Mais non, tu ne te laisses pas désarmer aussi facilement. Tu penses à cet esprit de curiosité dont un spectateur, amateur ou professionnel, ne doit jamais se départir. Tu entres dans la grande salle du Quai.

Dans un premier temps intrigué (et déjà un peu perplexe, te diras-tu a posteriori), tu vois flotter au-dessus du plateau une immense structure grise, pareille à la station orbitale de quelque série de science-fiction. Une lumière blanche, froide, tombe de deux rangées de projecteurs suspendus à vue sur les cintres. Une musique épurée, contemporaine, alterne avec des jaillissements symphoniques de cordes ou des moments de silence. Les danseurs, habillés d’étoffe noire tranchant avec la peau nue, évoluent lentement sur l’espace vide du plateau.
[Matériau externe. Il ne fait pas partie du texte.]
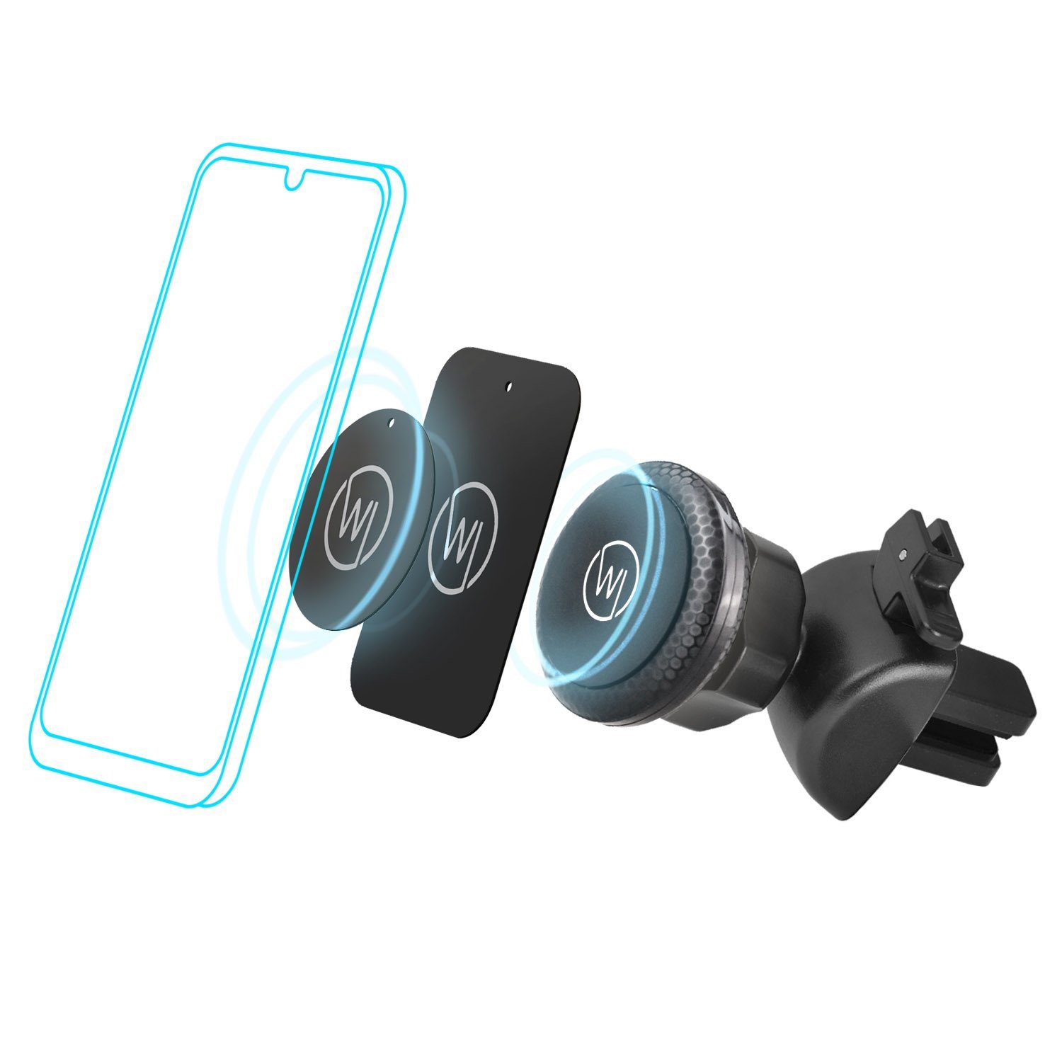 Lieferumfang: 1x Wicked Chili Smartphone Halterung für die Lüftung (aus kohlefaserverstärktem Kunststoff) mit starken Magneten und 2 Metallplättchen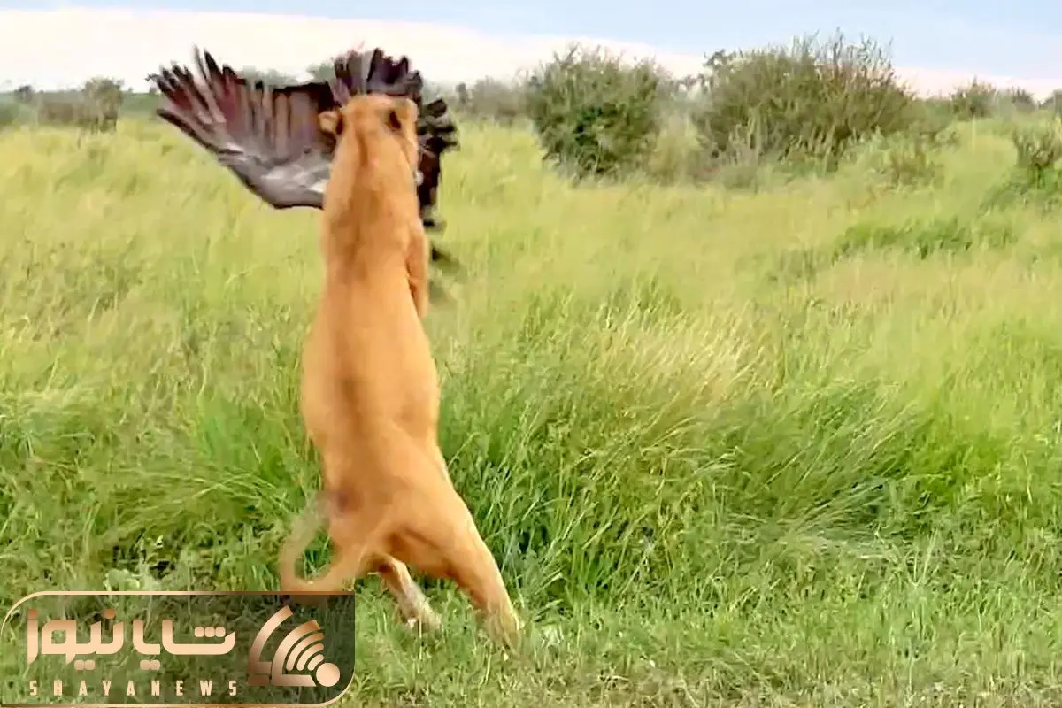 از جذابیت های حیات وحش؛ شیر با پرشی حماسی کرکس را شکار کرد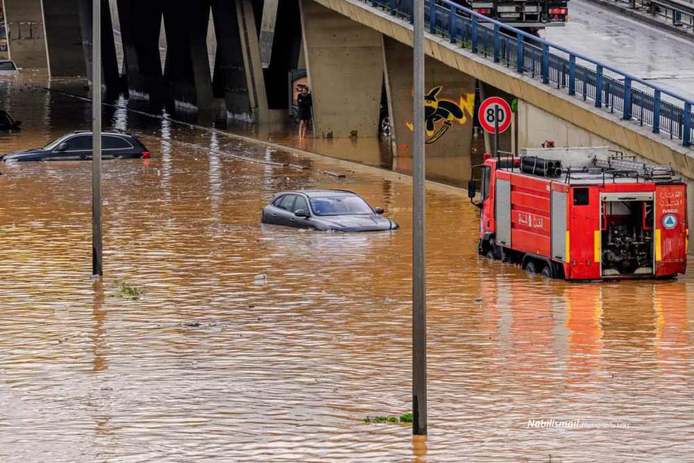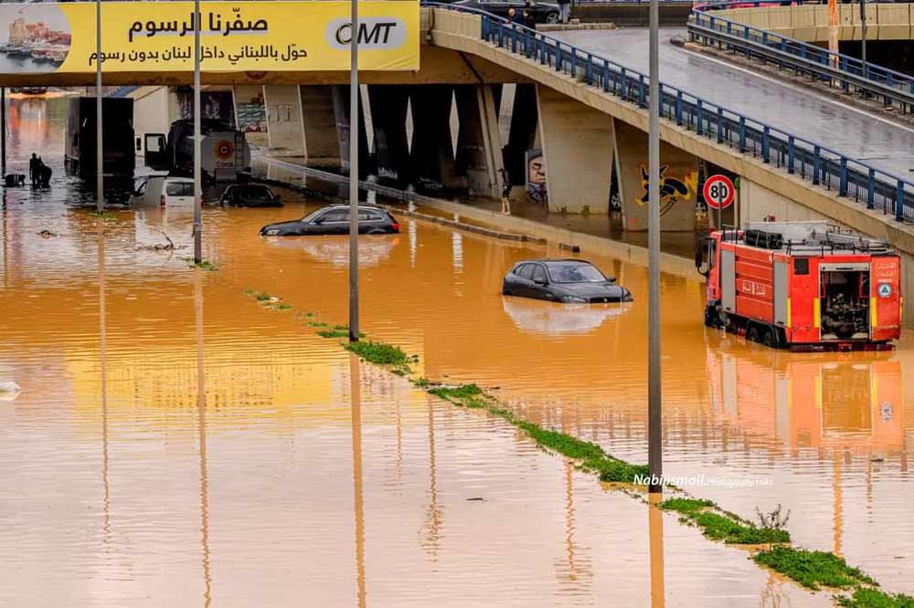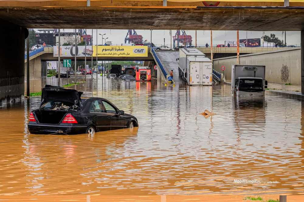 Տեղատարափ անձրեւներուն պատճառով Պէյրութի գետի ջուրին համեմատութիւնը բարձրացած էր եւ ողողած շրջակայ փողոցները, որոնցմէ հիմնականին մէջ ազդուեցաւ Քարանթինան: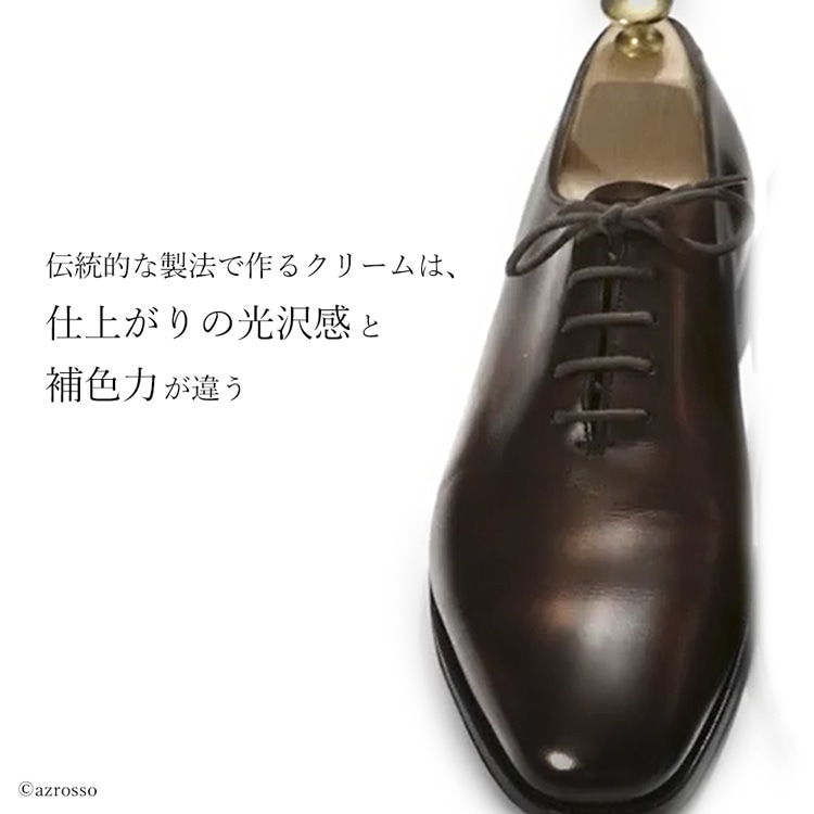| カラー:ブラック/ニュートラル/ダークブラウン/ミディアムブラウン/ライトブラウン/コニャック/ロンドンタン/ベージュ/バーガンディ/レッド/グリーン/ネイビー/グレー/ホワイト 容量:50ml 本場欧州の伝統的レシピで作られた本格派靴クリーム。 革靴に栄養と潤い、柔軟性を与え靴を長持ちさせる靴クリームです。 クリームはソフトでシルキータッチな伸びと優れた浸透性、光沢感を得ることができます。 補色力も抜群な栄養クリーム(乳化性タイプ)です。 |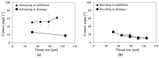 Figure 7 shows the average and standard deviation of all contact angles (RCA, ACA, and SCA) measured in this study. These results show that SCA, RCA, and ACA have high discrepancies at each pore throat size, consistent with previous studies [38,40,47]. Contact angles measured using micro-CT with rock cores and beads packs also have a wide range of values due to hysteresis of contact angle, exposure time, complex geometry, and physical and chemical heterogeneity of the surface [38,40,47].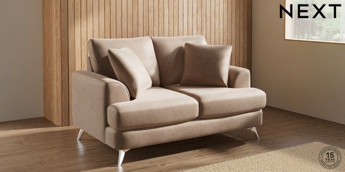 7.2.10 Buy Parker 2 Seater Small Sofa Luxe Chenille Mid Natural High Metal - Chrome from the Next UK online shop Click here to use our accessible website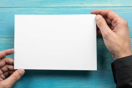 Mens hands holding empty white letterhead on blue wooden background. Blank paper mock-up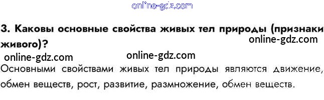 Готовые домашние задания по Биологии за 5 класс Учебник Пасечник Линейный курс 2021 - Вопросы §1. Живая и неживая природа — единое целое 3
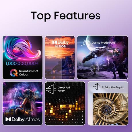 Thanks to Dolby Vision, HDR 10+ decoding & HLG, whether you want to catch up on the latest content or simply enjoy some time with your favourite immersive games, this TV delivers original content with better detail in the shadows and brighter highlights.

Puis, minutes après minutes, tu as la désagréable impression d’additionner. Déhanchés autour d’un des interprètes. Lignes droites, parallèles, entrecroisées, en diagonale ou en étoile que forment le groupe qui se déploie sur la scène. Juxtaposition de mouvements amples et syncopés des corps, façon hip hop. Et tout à coup, exercice de grammaire classique de certains danseurs : pointes, entrechats, portés. Lenteurs. Pause : la structure grise tourne sur elle-même, quelques néons clignotent… Un duo… Tantôt la musique semble monter en puissance, tantôt la gestuelle des danseurs en intensité. Est-ce le final ? Non. De nouveau des effets de lenteur, de ralenti, des poses. Et tout à coup, jeté de paillettes dorées sur les danseurs… Faux clins d’oeil… Tu lèves les yeux sans surprise : le vaisseau spatial est toujours là, dans l’indifférence sidérale des cintres…

De toute cette agitation au sol, tu ne retiens qu’un défaut d’écriture, un manque de rythme et d’intensité. Des interprètes qui semblent continuellement improviser. Une somme de savoirs-faire sans cohérence. Un jeu de lignes tracées hasardeusement. Pas de direction.

Finalement, au lieu de l’heureux métissage annoncé, tu penses à un objet chorégraphique appliqué, à un patchwork sans couleurs, à une danse sans identité.